数据如何从HBase读到MR
作者:互联网
TableMapReduceUtil.initTableMapperJob是用来对内输入的,传递的参数之一,就是输入格式化类TableInputFormat.class,且会进行set操作:
job.setInputFormatClass(inputFormatClass);
TableInputFormat的父类TableInputFormatBase会创建TableRecordReader:
if (trr == null) {
trr = new TableRecordReader();
}
Scan sc = new Scan(this.scan);
sc.setStartRow(tSplit.getStartRow());
sc.setStopRow(tSplit.getEndRow());
trr.setScan(sc);
trr.setHTable(table);
return trr;
所以记录读取器用的就是TableRecordReader。它会不断往下读:
@Override
public boolean nextKeyValue() throws IOException, InterruptedException {
return this.recordReaderImpl.nextKeyValue();
}
查看实现类,说明K-V就是rowkey-Result对象:
public boolean nextKeyValue() throws IOException, InterruptedException {
if (key == null) key = new ImmutableBytesWritable();
//这里说明value就是Result对象
if (value == null) value = new Result();
try {
try {
//读取下一行内容
value = this.scanner.next();
if (logScannerActivity) {
rowcount ++;
if (rowcount >= logPerRowCount) {
long now = System.currentTimeMillis();
LOG.info("Mapper took " + (now-timestamp)
+ "ms to process " + rowcount + " rows");
timestamp = now;
rowcount = 0;
}
}
} catch (IOException e) {
// do not retry if the exception tells us not to do so
if (e instanceof DoNotRetryIOException) {
throw e;
}
// try to handle all other IOExceptions by restarting
// the scanner, if the second call fails, it will be rethrown
LOG.info("recovered from " + StringUtils.stringifyException(e));
if (lastSuccessfulRow == null) {
LOG.warn("We are restarting the first next() invocation," +
" if your mapper has restarted a few other times like this" +
" then you should consider killing this job and investigate" +
" why it's taking so long.");
}
if (lastSuccessfulRow == null) {
restart(scan.getStartRow());
} else {
restart(lastSuccessfulRow);
scanner.next(); // skip presumed already mapped row
}
value = scanner.next();
numRestarts++;
}
if (value != null && value.size() > 0) {
//这里getRow得到的就是RowKey
key.set(value.getRow());
lastSuccessfulRow = key.get();
return true;
}
updateCounters();
return false;
} catch (IOException ioe) {
if (logScannerActivity) {
long now = System.currentTimeMillis();
LOG.info("Mapper took " + (now-timestamp)
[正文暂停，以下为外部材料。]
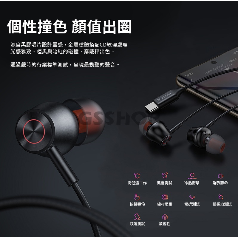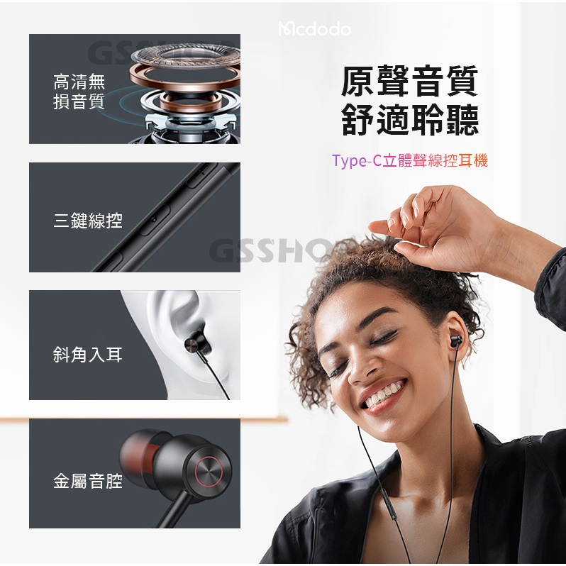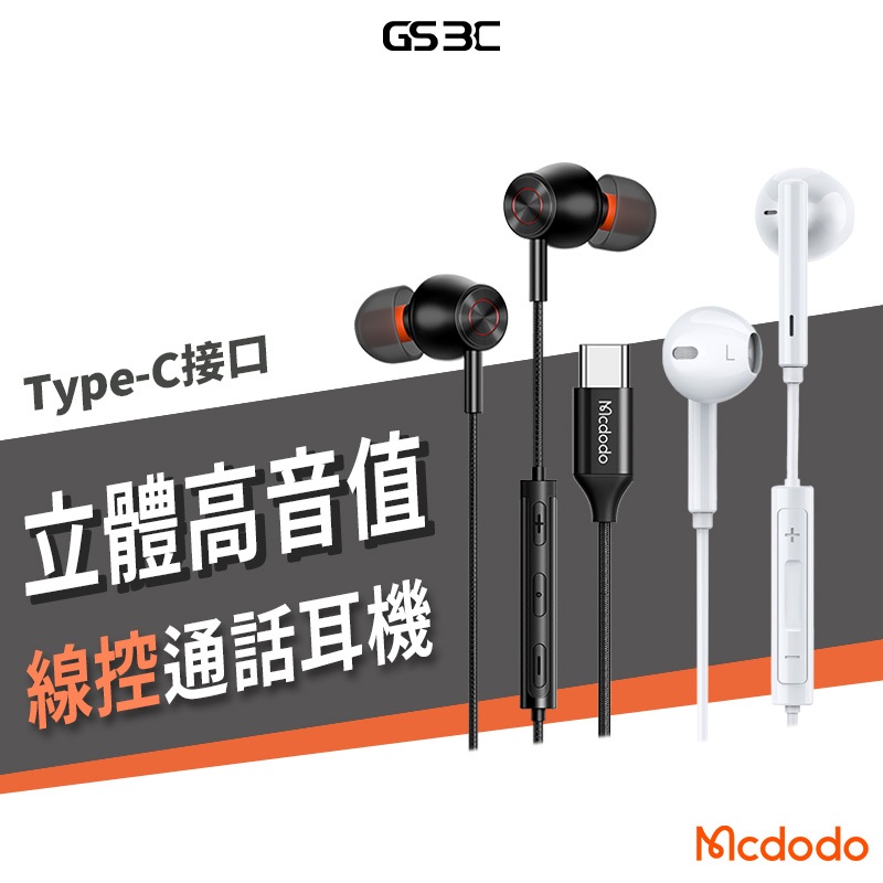Mcdodo 麥多多 Type C 有線耳機 支援iPhone 15 線控 通話 HI-FI音效 DAC芯片 適用安卓入耳式-黑|平耳式-白GS 3C 手機平板配件選品店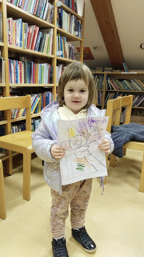 V knjižnici Dvor nadaljujemo naše pravljično potepanje s knjižničarko Doris. Tokrat so otroci prisluhnili duhoviti zgodbi o debeli pekovki Margot in slikarju Frideriku Žemlji ter se ob tem pošteno nasmejali, kajti Margot ima nenavadno skrivnost, da včasih zleze v krof…Sledila je še zgodba o koali, ki si je želela, da bi stvari ostale točno take, kot so. Ko je nekega dne prišlo do sprememb, pa je ugotovila, da je življenje lahko drugačno in čudovito. Sledile so igre, nato so otroci pobarvali koalo Kevina. Z novo pravljično dogodivščino se naše pravljično potepanje nadaljuje decembra.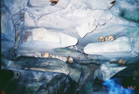 Man sieht ueberall Schaedel und Knochen herum liegen. Ein Toraja Mann versichert uns, dass es kein Problem ist sich die Knochen genauer anzuschauen, also nimmt Markus mal einen in die Hand. Was ist das nun...ein Oberschenkelknochen??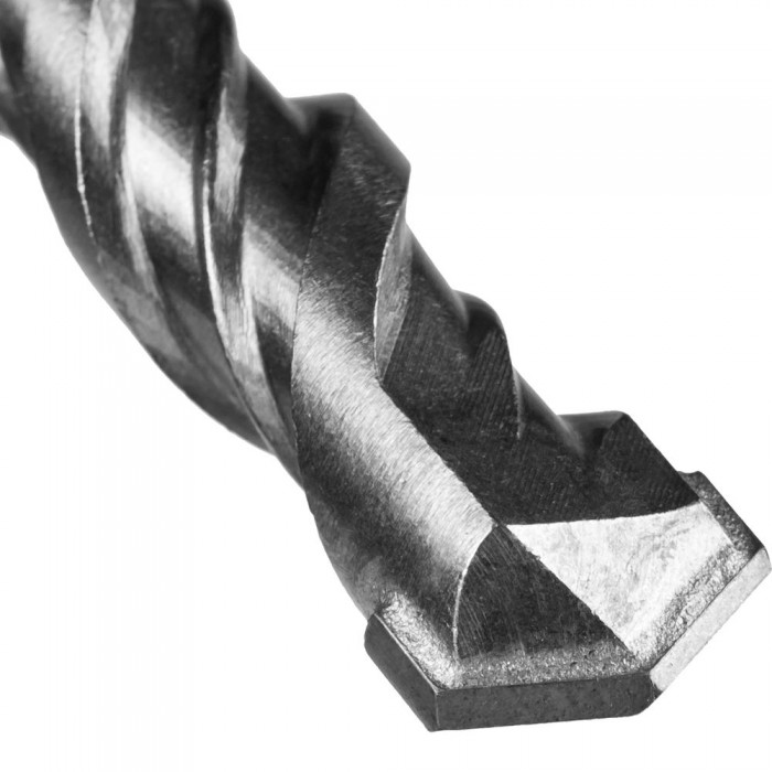 - Классическая двухрезцовая форма наконечника бура обеспечивает быстрое вхождение в материал и быстро отводит шлам в спираль.
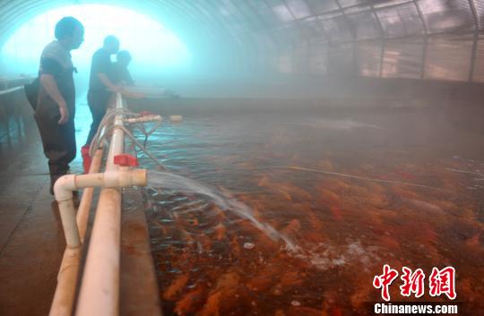 图为养殖池,可以看到大棚内水汽弥漫。韩冰 摄

+ "ms to process " + rowcount + " rows");
LOG.info(ioe);
String lastRow = lastSuccessfulRow == null ?
"null" : Bytes.toStringBinary(lastSuccessfulRow);
LOG.info("lastSuccessfulRow=" + lastRow);
}
throw ioe;
}
}
nextKeyValue()方法用来不断往下读,value就是Result对象。往下读取,调用的是this.scanner.next()。这里的K set的就是得到的Row Key。说明数据会以Row Key作为K,以Result对象作为V。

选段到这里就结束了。